*** Block opens ***

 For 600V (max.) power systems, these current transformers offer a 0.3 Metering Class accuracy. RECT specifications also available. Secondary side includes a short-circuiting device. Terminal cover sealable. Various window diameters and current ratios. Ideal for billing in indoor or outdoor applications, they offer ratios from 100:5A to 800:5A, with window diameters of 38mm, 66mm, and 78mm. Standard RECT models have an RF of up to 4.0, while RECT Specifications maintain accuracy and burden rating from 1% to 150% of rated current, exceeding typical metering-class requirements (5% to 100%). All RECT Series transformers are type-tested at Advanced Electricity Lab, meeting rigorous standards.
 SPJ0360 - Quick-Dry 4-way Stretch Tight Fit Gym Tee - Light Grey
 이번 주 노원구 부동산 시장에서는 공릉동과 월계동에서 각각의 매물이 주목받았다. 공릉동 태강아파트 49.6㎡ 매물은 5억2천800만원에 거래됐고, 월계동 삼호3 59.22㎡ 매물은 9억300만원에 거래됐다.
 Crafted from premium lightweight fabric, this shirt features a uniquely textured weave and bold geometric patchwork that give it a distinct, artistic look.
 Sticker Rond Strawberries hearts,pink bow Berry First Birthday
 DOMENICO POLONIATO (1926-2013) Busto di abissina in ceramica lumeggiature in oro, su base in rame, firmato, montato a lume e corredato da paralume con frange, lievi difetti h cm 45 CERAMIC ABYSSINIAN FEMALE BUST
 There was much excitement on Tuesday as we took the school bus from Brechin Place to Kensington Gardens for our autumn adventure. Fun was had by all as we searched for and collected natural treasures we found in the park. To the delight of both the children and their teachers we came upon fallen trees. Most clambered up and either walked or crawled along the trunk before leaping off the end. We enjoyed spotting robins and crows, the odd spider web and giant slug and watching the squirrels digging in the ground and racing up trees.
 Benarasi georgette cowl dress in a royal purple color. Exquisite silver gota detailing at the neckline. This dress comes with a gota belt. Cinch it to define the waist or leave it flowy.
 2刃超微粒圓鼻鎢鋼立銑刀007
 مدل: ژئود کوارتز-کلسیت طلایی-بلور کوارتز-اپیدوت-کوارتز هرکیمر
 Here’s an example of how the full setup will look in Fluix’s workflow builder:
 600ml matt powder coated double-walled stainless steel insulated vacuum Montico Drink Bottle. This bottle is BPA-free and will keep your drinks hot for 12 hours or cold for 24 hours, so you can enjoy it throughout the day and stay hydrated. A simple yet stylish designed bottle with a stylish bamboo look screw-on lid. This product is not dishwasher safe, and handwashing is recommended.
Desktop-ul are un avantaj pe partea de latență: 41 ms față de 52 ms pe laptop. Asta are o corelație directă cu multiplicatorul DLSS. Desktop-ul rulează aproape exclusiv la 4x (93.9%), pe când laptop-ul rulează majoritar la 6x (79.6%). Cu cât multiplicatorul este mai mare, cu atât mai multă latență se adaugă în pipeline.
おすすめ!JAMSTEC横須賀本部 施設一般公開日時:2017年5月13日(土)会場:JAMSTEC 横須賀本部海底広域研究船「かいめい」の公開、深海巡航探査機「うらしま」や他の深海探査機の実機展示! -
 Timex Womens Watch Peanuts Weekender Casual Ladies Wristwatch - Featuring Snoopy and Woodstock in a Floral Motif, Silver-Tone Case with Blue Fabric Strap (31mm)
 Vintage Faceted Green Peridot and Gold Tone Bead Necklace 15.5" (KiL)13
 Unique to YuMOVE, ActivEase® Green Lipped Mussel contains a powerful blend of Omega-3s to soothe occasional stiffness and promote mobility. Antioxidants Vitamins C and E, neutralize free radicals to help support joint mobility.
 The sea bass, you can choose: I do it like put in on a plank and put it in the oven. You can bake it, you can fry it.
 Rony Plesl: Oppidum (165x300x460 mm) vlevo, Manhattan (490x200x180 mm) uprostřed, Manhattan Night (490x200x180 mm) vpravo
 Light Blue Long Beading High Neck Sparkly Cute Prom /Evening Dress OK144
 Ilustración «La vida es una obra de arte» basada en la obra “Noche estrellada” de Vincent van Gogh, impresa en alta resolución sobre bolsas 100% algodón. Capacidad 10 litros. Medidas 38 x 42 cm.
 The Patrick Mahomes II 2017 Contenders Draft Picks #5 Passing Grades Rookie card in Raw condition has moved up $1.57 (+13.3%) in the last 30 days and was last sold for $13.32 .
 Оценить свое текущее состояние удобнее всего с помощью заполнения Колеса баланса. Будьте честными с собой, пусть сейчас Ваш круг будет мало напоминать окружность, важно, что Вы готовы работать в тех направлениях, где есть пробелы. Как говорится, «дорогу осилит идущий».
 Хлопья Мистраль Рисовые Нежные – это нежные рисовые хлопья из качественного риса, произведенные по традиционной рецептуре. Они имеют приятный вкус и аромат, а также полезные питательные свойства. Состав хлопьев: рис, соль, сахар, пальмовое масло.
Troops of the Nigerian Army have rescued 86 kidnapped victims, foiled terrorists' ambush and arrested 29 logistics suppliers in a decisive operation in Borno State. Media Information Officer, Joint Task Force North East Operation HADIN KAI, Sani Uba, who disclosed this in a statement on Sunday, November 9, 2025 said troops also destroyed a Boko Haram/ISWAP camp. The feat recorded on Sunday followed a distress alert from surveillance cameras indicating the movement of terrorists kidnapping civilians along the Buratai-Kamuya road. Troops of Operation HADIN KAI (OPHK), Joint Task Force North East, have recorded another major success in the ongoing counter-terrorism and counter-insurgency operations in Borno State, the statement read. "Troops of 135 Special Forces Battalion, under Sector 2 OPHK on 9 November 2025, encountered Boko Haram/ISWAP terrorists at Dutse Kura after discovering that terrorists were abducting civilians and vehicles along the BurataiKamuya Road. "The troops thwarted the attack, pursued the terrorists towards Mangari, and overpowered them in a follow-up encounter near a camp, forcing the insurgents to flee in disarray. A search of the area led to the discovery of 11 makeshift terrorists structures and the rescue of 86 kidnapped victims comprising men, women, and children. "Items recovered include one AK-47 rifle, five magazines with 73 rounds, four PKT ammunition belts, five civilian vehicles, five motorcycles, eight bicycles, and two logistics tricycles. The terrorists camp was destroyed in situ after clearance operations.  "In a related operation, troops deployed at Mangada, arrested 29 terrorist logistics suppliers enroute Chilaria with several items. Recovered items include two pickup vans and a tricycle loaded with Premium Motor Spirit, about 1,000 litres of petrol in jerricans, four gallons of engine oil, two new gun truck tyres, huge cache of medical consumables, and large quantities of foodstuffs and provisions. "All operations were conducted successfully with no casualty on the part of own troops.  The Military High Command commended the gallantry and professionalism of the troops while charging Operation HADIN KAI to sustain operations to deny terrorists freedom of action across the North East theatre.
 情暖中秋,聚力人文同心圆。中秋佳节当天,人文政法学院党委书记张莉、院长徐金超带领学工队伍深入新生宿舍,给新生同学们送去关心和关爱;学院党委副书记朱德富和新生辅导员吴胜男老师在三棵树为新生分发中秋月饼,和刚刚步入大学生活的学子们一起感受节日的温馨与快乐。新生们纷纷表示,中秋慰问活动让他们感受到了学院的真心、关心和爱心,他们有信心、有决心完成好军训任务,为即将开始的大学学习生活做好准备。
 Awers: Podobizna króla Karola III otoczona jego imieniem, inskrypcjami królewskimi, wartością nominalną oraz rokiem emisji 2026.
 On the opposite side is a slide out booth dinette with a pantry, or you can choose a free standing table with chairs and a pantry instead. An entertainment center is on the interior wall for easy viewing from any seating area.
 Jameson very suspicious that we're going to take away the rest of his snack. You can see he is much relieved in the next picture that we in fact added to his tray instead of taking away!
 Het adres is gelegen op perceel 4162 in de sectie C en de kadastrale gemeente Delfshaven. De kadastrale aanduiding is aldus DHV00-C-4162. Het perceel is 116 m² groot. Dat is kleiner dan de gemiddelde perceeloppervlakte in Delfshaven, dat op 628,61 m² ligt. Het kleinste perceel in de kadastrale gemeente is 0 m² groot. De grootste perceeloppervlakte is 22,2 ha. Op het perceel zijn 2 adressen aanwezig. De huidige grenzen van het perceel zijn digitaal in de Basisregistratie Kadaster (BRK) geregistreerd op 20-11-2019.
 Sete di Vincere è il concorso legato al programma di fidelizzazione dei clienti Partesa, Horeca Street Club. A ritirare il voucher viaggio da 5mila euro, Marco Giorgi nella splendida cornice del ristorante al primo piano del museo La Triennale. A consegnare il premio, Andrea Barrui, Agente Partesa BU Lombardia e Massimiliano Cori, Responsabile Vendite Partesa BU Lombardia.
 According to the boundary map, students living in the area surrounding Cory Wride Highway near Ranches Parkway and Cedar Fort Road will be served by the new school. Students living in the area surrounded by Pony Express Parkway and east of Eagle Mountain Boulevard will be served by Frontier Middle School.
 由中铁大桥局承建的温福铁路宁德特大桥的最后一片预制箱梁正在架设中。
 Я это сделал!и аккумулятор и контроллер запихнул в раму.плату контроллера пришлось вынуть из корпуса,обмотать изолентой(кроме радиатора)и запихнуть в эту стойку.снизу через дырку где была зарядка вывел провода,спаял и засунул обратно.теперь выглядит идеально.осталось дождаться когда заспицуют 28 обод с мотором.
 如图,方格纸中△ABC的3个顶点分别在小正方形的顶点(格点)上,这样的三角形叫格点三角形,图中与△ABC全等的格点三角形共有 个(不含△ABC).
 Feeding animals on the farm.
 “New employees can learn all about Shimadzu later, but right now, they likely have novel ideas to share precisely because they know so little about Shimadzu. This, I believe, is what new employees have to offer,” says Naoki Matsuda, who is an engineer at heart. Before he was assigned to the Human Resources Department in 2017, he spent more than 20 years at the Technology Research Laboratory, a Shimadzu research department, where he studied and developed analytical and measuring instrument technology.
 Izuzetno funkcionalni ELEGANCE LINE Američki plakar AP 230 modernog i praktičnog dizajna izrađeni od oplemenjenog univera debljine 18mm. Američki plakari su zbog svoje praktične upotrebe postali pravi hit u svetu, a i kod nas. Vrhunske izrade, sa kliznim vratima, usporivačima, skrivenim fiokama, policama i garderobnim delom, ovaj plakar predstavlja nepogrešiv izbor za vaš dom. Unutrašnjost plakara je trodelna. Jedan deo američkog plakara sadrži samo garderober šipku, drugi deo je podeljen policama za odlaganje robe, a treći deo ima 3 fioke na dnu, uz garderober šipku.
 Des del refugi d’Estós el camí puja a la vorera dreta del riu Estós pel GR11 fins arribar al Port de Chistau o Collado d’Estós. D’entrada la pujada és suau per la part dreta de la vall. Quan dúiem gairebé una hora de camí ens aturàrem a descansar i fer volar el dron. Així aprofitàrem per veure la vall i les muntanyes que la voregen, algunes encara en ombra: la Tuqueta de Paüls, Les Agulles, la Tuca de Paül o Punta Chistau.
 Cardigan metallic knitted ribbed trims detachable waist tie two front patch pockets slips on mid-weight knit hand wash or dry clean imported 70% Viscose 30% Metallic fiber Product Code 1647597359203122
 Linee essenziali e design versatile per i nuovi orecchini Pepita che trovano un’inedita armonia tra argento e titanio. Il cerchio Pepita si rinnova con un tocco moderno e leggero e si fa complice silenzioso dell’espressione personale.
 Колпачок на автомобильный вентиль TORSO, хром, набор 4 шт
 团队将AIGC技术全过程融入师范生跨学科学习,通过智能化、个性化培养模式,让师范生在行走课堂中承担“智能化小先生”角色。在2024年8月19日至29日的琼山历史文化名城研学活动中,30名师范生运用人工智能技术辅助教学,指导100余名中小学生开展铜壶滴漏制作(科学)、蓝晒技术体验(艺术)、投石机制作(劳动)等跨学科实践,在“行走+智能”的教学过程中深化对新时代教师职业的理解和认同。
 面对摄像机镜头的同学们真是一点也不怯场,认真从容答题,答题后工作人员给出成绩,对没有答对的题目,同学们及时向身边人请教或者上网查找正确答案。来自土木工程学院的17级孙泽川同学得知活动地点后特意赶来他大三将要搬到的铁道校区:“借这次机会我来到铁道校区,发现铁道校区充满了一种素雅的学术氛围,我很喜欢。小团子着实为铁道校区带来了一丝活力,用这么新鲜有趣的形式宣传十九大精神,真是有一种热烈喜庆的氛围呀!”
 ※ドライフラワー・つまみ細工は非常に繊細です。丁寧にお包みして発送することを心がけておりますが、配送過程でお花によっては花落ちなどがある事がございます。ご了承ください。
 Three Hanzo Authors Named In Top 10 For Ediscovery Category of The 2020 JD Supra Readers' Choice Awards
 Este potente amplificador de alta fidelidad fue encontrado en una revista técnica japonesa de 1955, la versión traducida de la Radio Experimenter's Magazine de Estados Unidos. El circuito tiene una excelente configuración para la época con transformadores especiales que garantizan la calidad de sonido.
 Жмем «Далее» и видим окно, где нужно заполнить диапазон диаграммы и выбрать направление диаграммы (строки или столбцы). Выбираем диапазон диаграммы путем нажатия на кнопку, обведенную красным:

*** Block closes ***

### THE PROBLEM
Reproduce the entries above exactly, but only the lines between the line holding "Колпачок на автомобильный" and the line holding "Este potente amplificador", inclusive.

### SOLUTION TO THIS TASK
 Колпачок на автомобильный вентиль TORSO, хром, набор 4 шт
 团队将AIGC技术全过程融入师范生跨学科学习,通过智能化、个性化培养模式,让师范生在行走课堂中承担“智能化小先生”角色。在2024年8月19日至29日的琼山历史文化名城研学活动中,30名师范生运用人工智能技术辅助教学,指导100余名中小学生开展铜壶滴漏制作(科学)、蓝晒技术体验(艺术)、投石机制作(劳动)等跨学科实践,在“行走+智能”的教学过程中深化对新时代教师职业的理解和认同。
 面对摄像机镜头的同学们真是一点也不怯场,认真从容答题,答题后工作人员给出成绩,对没有答对的题目,同学们及时向身边人请教或者上网查找正确答案。来自土木工程学院的17级孙泽川同学得知活动地点后特意赶来他大三将要搬到的铁道校区:“借这次机会我来到铁道校区,发现铁道校区充满了一种素雅的学术氛围,我很喜欢。小团子着实为铁道校区带来了一丝活力,用这么新鲜有趣的形式宣传十九大精神,真是有一种热烈喜庆的氛围呀!”
 ※ドライフラワー・つまみ細工は非常に繊細です。丁寧にお包みして発送することを心がけておりますが、配送過程でお花によっては花落ちなどがある事がございます。ご了承ください。
 Three Hanzo Authors Named In Top 10 For Ediscovery Category of The 2020 JD Supra Readers' Choice Awards
 Este potente amplificador de alta fidelidad fue encontrado en una revista técnica japonesa de 1955, la versión traducida de la Radio Experimenter's Magazine de Estados Unidos. El circuito tiene una excelente configuración para la época con transformadores especiales que garantizan la calidad de sonido.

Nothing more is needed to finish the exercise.